Picking up on the Iran lobby's paper, another key talking point the Obama administration relied on is an understanding that "the Leader's fatwa against the building or use of nuclear weapons could establish an excellent basis for discussions with the aim of agreement for greater IAEA access to Iran's nuclear program to assure the world about Iran's nuclear intentions and develop an arrangement regarding enrichment." This nuclear fatwa, however, is a canard and a hoax. It is "nothing more than a propaganda ruse on the part of the Iranian regime," according to many analysts including the Middle East Media Research Institute. Nevertheless, it has been frequently cited by the administration and repeated by Mr. Obama in his March 2015 annual statement to Iran marking the Persian new year. And the IAEA now has secret side deals with Iran for inspections with holes so big one could drive a rundown Iranian Saipa through.

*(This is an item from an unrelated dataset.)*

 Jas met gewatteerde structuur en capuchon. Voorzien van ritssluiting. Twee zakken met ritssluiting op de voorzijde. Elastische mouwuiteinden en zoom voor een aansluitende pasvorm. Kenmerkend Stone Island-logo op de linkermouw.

To top it all off, The Iran Project policy plan also called for "mutual recognition that both leaders of the U.S. and Iran have stated publicly their desire for a world without nuclear weapons." That was designed to send a shot over Israel's bow--an assumed nuclear weapons program that sparked no regional nuclear arms race such as Iran's today. True to form, with the July nuclear deal sealed and in the rearview mirror, Mohammad Zarif penned an article in The Guardian, "Iran has signed a historic nuclear deal--now it's Israel's turn."

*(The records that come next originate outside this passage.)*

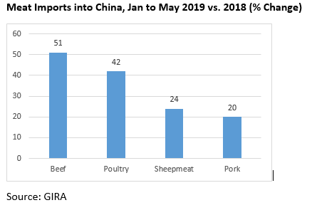 Total meat imports into China are growing strongly with beef and poultry imports showing the strongest growth according to GIRA. Up to the end of May beef import volumes were running over 50% ahead of the same period in 2018 with poultry 42% higher and sheepmeat rising by 24%. These trends seem set to continues for the rest of 2019 and into 2020.
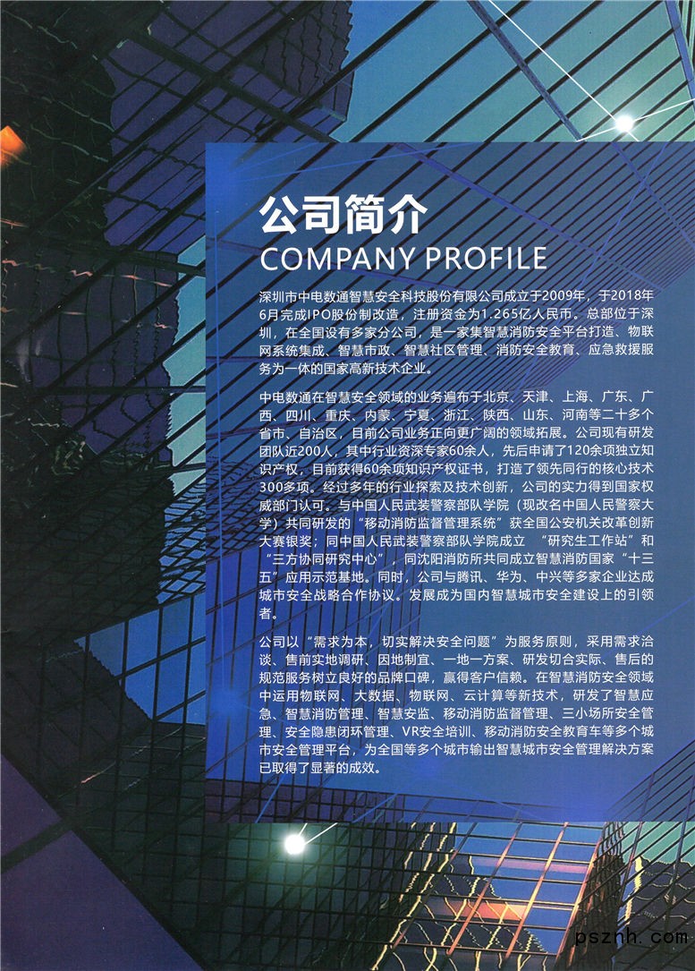 深圳市中電數通智慧安全科技股份有限公司成立于2009年,于2018年6月完成IPO股份制改造,注冊資金為1.265億人民幣。總部位于深圳,在全國設有多家分公司,是一家集智慧消防安全平臺打造、物聯網系統集成、智慧市政、智慧社區管理、消防安全教育、應急救援服務為一體的國家高新技術企業。
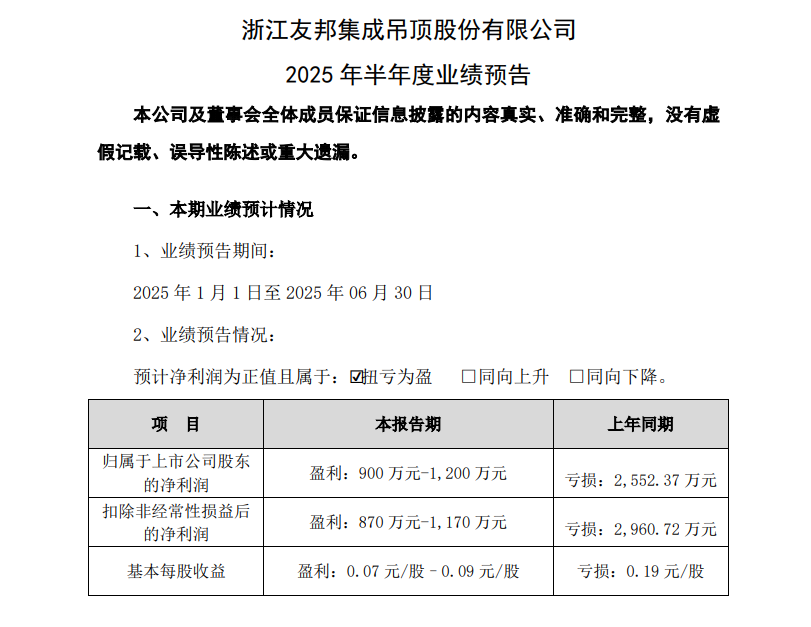 友邦吊顶预计2025上半年归属于上市公司股东的净利润900万元-1200万元,同比扭亏为盈;预计扣除非经常性损益后的净利润870万元-1170万元。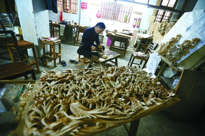 和金漆木雕廠展廳一墻之隔的工廠,只有一位已經退休又返聘回來的陳紹秋師傅在上班。他現在一個月能掙3000元左右。干了半輩子木雕的陳師傅已經習慣了和木料待在一起,干起活自有一套熟練的老把式。可惜的是,在這里做學徒的三四位年輕人卻因為有事沒來上班,而這種情況似乎經常發生?!敖?0年可以說是新中國成立后潮州木雕市場最好的10年,但潮州木雕發展面臨著一些制約因素,歸根結底還是人才缺失的問題?!睏顖云秸f。
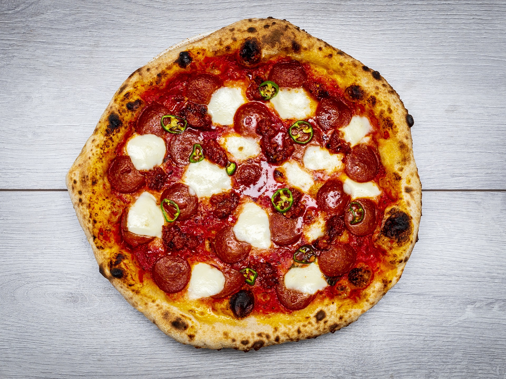 Tomato sauce/ Parmigiano-Reggiano/ Mozzarella/ Pepperoni/ Nduja (IO)/ Fresh Chilli/ Chilli Honey Allergens: 1(Wheat), 7

Iran's Success at America's Expense
If the Obama administration did not adopt this plan in its entirety, then it would be an impressive coincidence that just about all of the proposals in The Iran Project's blueprint were adopted and the predictable outcome is the shameful and harmful nuclear deal with Iran. It's not just that the Obama administration was willing to adopt the deal; it's the workman-like salesmanship of the deal that Mr. Obama is engaged in.

Despite poll after poll indicating that the more Americans learn about the deal, the less they like it--with a two-to-one margin currently opposed--President Obama has stood resolute. Instead of explaining that the deal wasn't perfect but it was the best he could negotiate and it meets U.S. security needs, or acknowledging that his critics have some good points (since they're based on the President's broken promises) and working to make a few unilateral adjustments that would set more minds at ease, he has chose a different path. He offered no quarter, likening the experts who came out against the agreement to "Lobbyists and pundits" who "were suddenly transformed into arm-chair nuclear scientists." Then, he labeled them "the crazies." In a manner befitting of former CIA Director George Tenet's "slam dunk" prognosis in the run up the 2003 Iraq war, Obama even declared: "I've had to make a lot of tough calls as President, but whether or not this deal is good for American security is not one of those calls. It's not even close."

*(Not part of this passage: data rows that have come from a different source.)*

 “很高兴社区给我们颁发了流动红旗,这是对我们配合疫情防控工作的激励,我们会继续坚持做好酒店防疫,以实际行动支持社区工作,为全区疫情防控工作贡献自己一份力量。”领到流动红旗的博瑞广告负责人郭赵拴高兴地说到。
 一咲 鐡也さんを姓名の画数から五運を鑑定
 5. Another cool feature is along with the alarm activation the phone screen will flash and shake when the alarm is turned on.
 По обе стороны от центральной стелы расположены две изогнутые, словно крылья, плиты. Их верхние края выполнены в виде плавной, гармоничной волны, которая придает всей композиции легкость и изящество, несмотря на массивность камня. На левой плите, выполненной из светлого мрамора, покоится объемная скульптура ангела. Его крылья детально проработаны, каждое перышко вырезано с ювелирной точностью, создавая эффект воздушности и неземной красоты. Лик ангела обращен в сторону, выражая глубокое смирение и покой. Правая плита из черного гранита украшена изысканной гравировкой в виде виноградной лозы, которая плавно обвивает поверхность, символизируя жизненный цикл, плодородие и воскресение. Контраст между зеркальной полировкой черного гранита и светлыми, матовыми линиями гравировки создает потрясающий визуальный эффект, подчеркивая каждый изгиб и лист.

The crystal clear reality is that the Obama administration is not just onboard with the Iran lobby's positions, but he has bought it all--hook, line, and sinker. Whether the inception of the idea began before he came to Washington, or whether The Iran Project, the National Iranian American Council, or the likes of the Leveretts cemented the approach he would adopt during negotiations, one thing is certain: The nuclear deal with Iran is a boon for all involved other than the U.S. and its allies in Israel and the wider Middle East. It marks America's definitive shift away from its traditional regional allies and defines a new relationship with a former adversary that is unfortunately based on hope rather than experience. The Iran lobby will no doubt celebrate this and build on their quiet and impressive success.